The Deltar was an advanced system designed for simulating tides and analysing river environments by converting tidal data, river flows, and environmental factors into electrical analogue signals. This approach enabled dynamic modelling of time-varying parameters, which was essential for fluid dynamics simulations in natural settings.

Divided into multiple sections, each corresponding to a distinct part of the studied river system, the Deltar required initial configuration with precise values to simulate each segment accurately.
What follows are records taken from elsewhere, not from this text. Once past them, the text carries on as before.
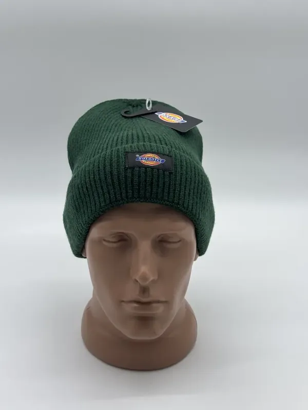 Унісекс зимова шапка-біні dickies зелена з акрилу з контрастним логотипом стильна тепла ша...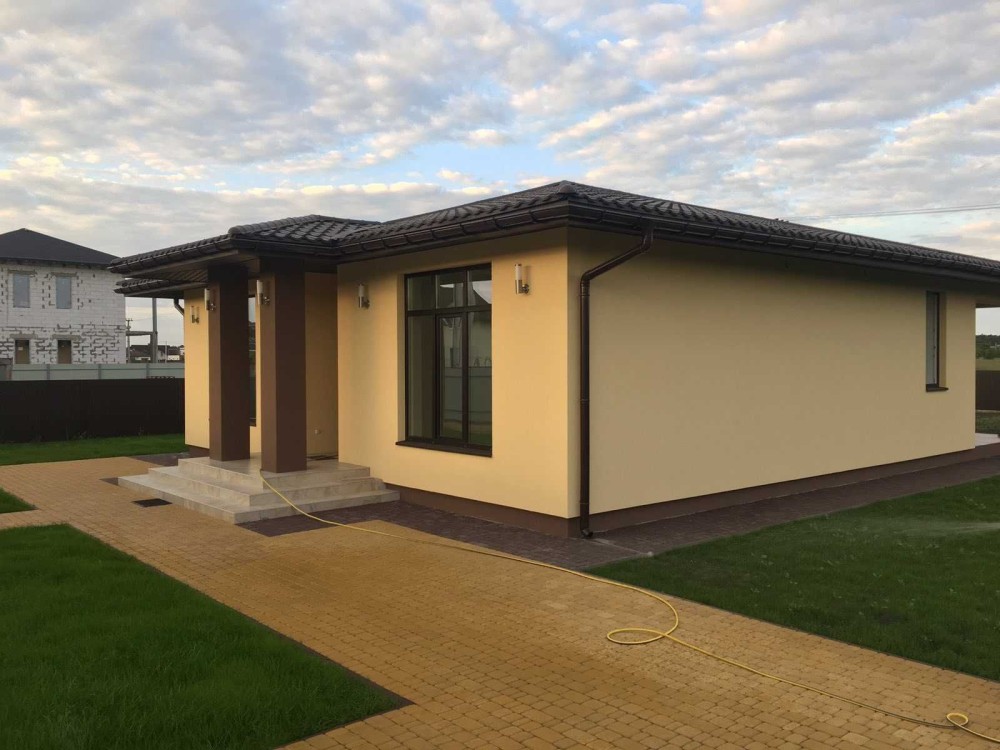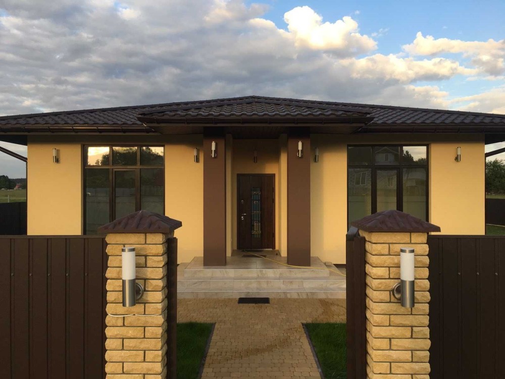 Іспанська плитка колір білий мармур по всьому периметру будинку і декоративна штукатурка на стінах.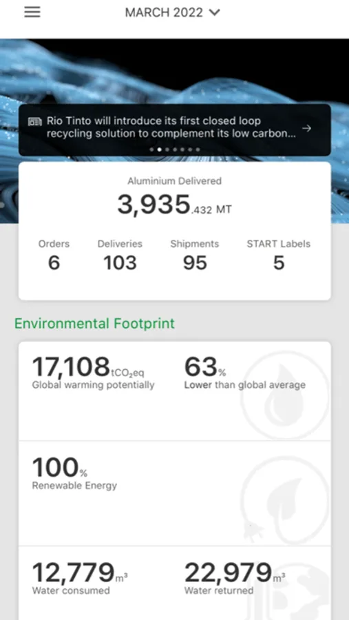 The START platform is available on your desktop and as a mobile app. Once registered, you will be able to view your sustainability insights, manage your orders and documents for all your Rio Tinto purchases.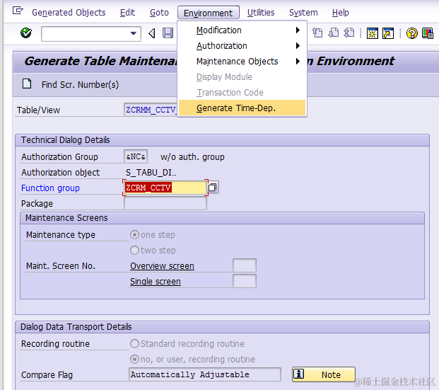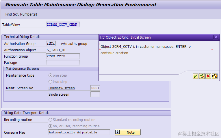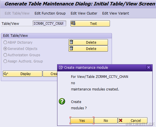 Step2: go to tcode SE54, choose “Edit Table/View->Generated Objects”, then click create button: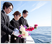ご依頼主様に代わって、遺骨を海に撒きます。

Inputs such as fluctuating tide levels and wind conditions, often encoded on punched tapes, were translated into electrical signals to drive the simulation.
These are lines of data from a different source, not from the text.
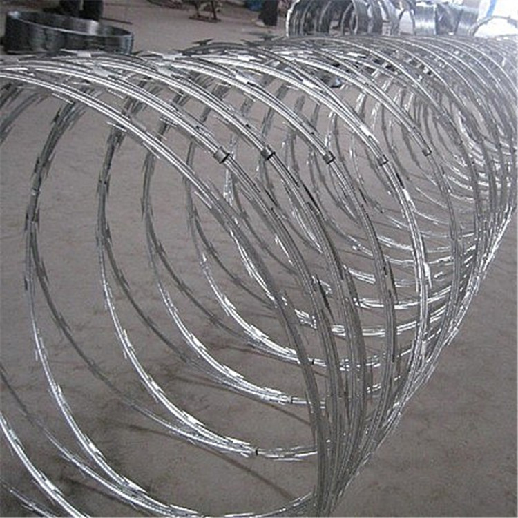 為了加強(qiáng)監(jiān)獄鋼網(wǎng)墻的高安全性,常有客戶要求鋼網(wǎng)墻的上面在刺網(wǎng)來加強(qiáng)安全性能。刀刺網(wǎng)具有美觀、經(jīng)濟(jì)實(shí)用、防阻效果好、施工便利等優(yōu)異特點(diǎn),刀刺網(wǎng)常見的表面處理有電鍍鋅,熱鍍鋅和噴塑處理。目前,刀片剌繩已被廣泛應(yīng)用于許多國家的工礦企業(yè)、園林公寓、邊防哨所、軍事領(lǐng)域、監(jiān)獄、看守所、政府建筑物和其他國家的安全設(shè)施。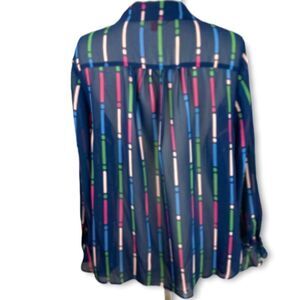 ModCloth Top Sheer Shirt Geometric Print Navy Print Blouse Size M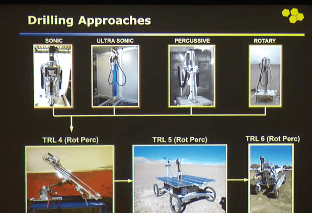 There is technology development required to reach TRL 6, as well as the range of tests the system was subjected to. These tests include drilling in volatile-rich lunar analog soil and sample delivery inside a lunar chamber.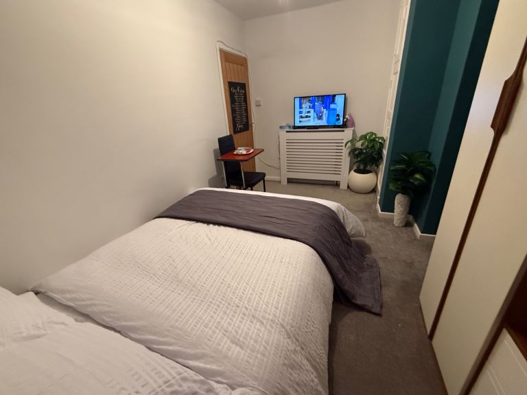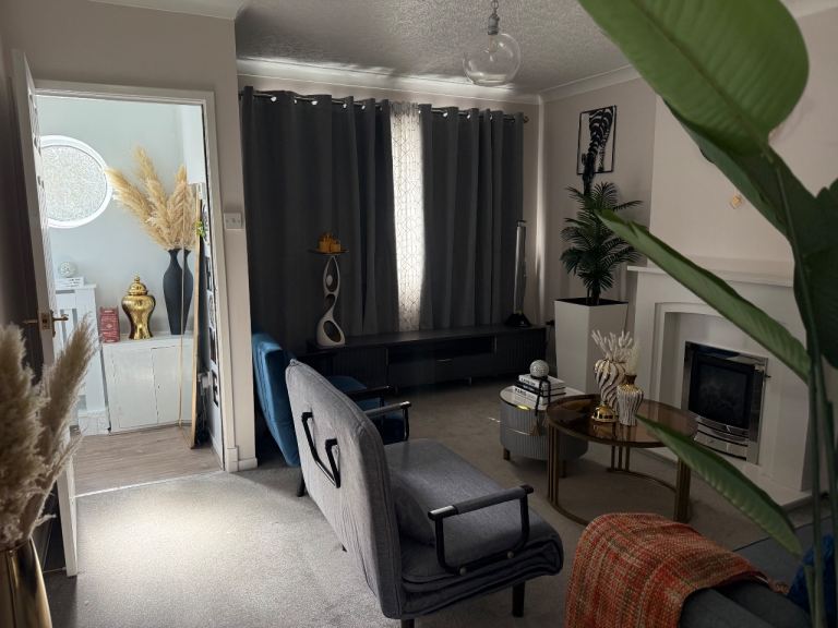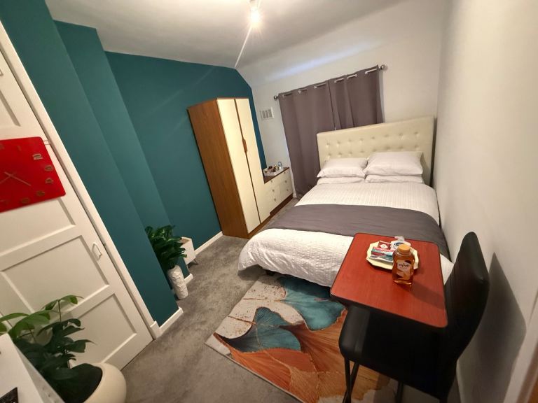 A furnished double bedroom in a newly fitted 2-bedroom house with beautifully maintained front and rear gardens at Rushall, Walsall WS4.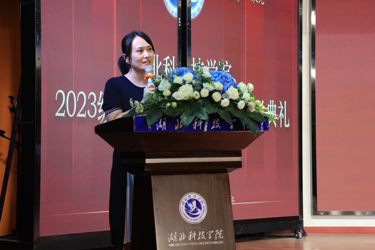 基础医公司吴喆副教授代表全体教师表达对2023级新生的寄语。她指出,医学是最亲近生命的领域,选择了医学,就要用一生的忠诚和热情去对待,并希望充分利用良好的学习环境,学会规划、学会学习、学会沟通、学会感恩,扎实地走好每一步,把青春和才华投入到为人民谋健康的伟大事业中去。
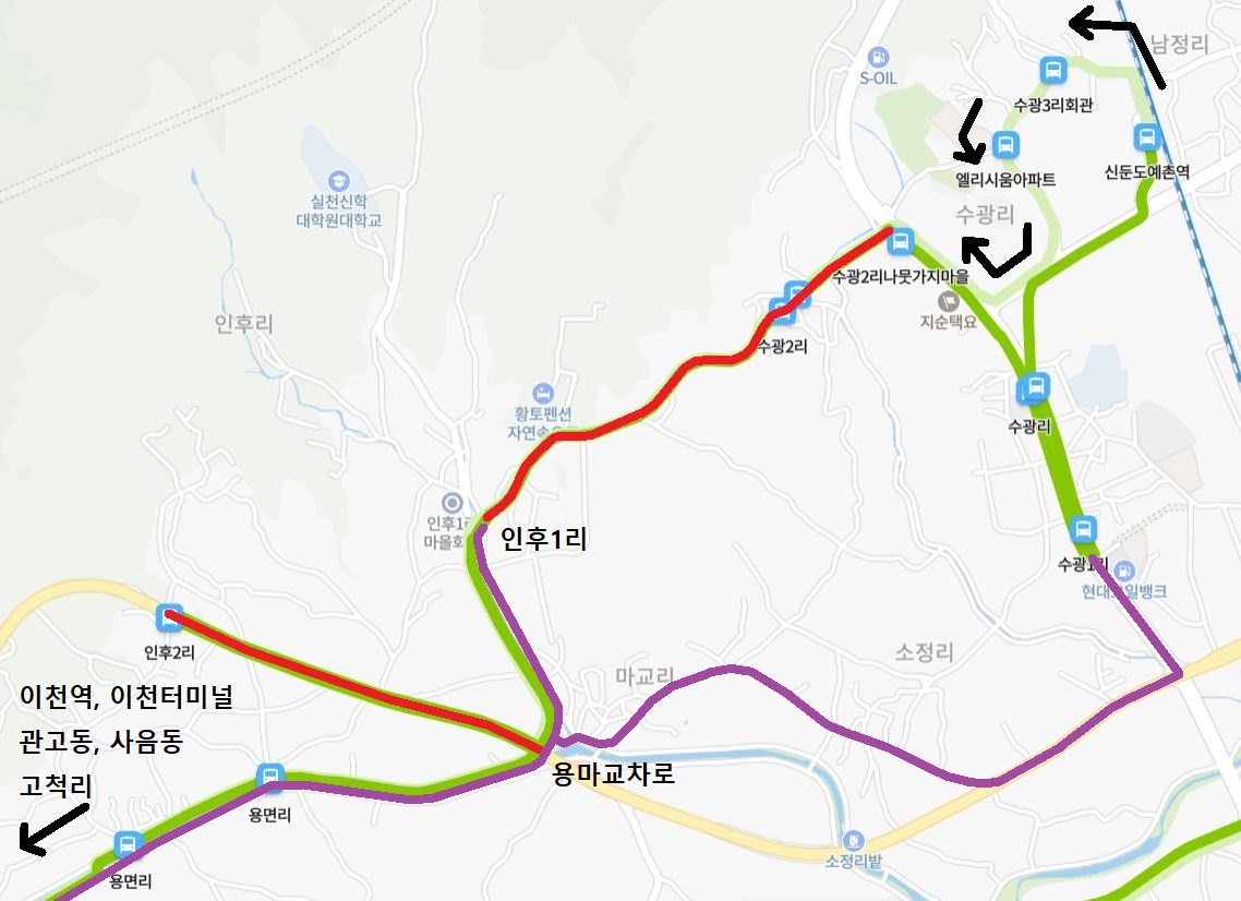 이렇게 용면리 노선도 해결이 되는구나 싶었습니다.

Its output system recorded the resulting data, providing insights into water flow and currents. The Deltar's computing speed was managed via a time-scale setting, balancing computational capacity with the rate of data input and output. Each module of the Deltar represented water flow and levels at both ends of a river segment using electrical currents and voltages. The primary computing elements were the operational amplifiers which continuously solved interconnected first-order differential equations.

The system was organised in three groups of 40 units. Each unit corresponded to a particular section of a river, enabling up to three tidal problems to be investigated simultaneously. The analogue sections were configured so that a river section’s hydraulic properties such as length, width, depth, and resistance coefficient were immediately reflected within the simulation.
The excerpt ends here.